Justice Department Backing Away from Civil Rights Enforcement

The Justice Department under Attorney General Jeff Sessions is gradually eliminating one of the judiciary’s most important tools for civil rights enforcement: “consent decrees” that give judges long-term oversight over individuals, groups and government agencies that have engaged in discrimination.

Since at least the heyday of the civil rights movement in the 1950s and ‘60s, civil rights and democracy advocates have relied on the federal courts to protect the rights of racial, ethnic and religious minorities and disabled Americans.

But the non-profit news organization Pro Publica reports this morning that the Justice Department under Attorney General Jeff Sessions is gradually eliminating one of the judiciary’s most important tools for civil rights enforcement: “consent decrees” that give judges long-term oversight over individuals, groups and government agencies that have engaged in discrimination.

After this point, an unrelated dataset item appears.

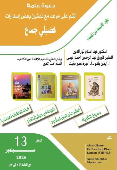 تدشين بعض إصدارات فضيلي جماع 22 أغسطس, 2025 فضيلي جماع 596 زيارة شاركها Facebook Twitter أخبار أخرى “صمود”.. وهتافات ثورة ديسمبر في قلب لندن !! 4 أسابيع مضت (يا محمود نكاد نراك) شعر 19 يناير, 2026 عيناك ضوء المصابيح 11 يناير, 2026 شاركها Facebook Twitter

“At best, this administration believes that civil rights enforcement is superfluous and can be easily cut. At worst, it really is part of a systematic agenda to roll back civil rights,” Vanita Gupta, the former acting head of the DOJ’s civil rights division under President Barack Obama, told Pro Publica.

The news site says senior Justice Department lawyers are instructing subordinates who handle discrimination cases to focus on settlements that resolve immediate problems but to avoid consent decrees that give judges authority to impose and enforce rules that would prevent a revival of discrimination.

Consent decrees often require state and local governments to take expensive steps to guard against future discrimination, forcing legislators to shuffle budgets and/or consider tax increases. William Yeomans, who spent 26 years at the Justice Department, mostly in the civil rights division, told Pro Publica that without consent decrees, many localities or government departments would simply never make needed changes.

“They are key to civil rights enforcement,” he said. “That’s why Sessions and his ilk don’t like them.”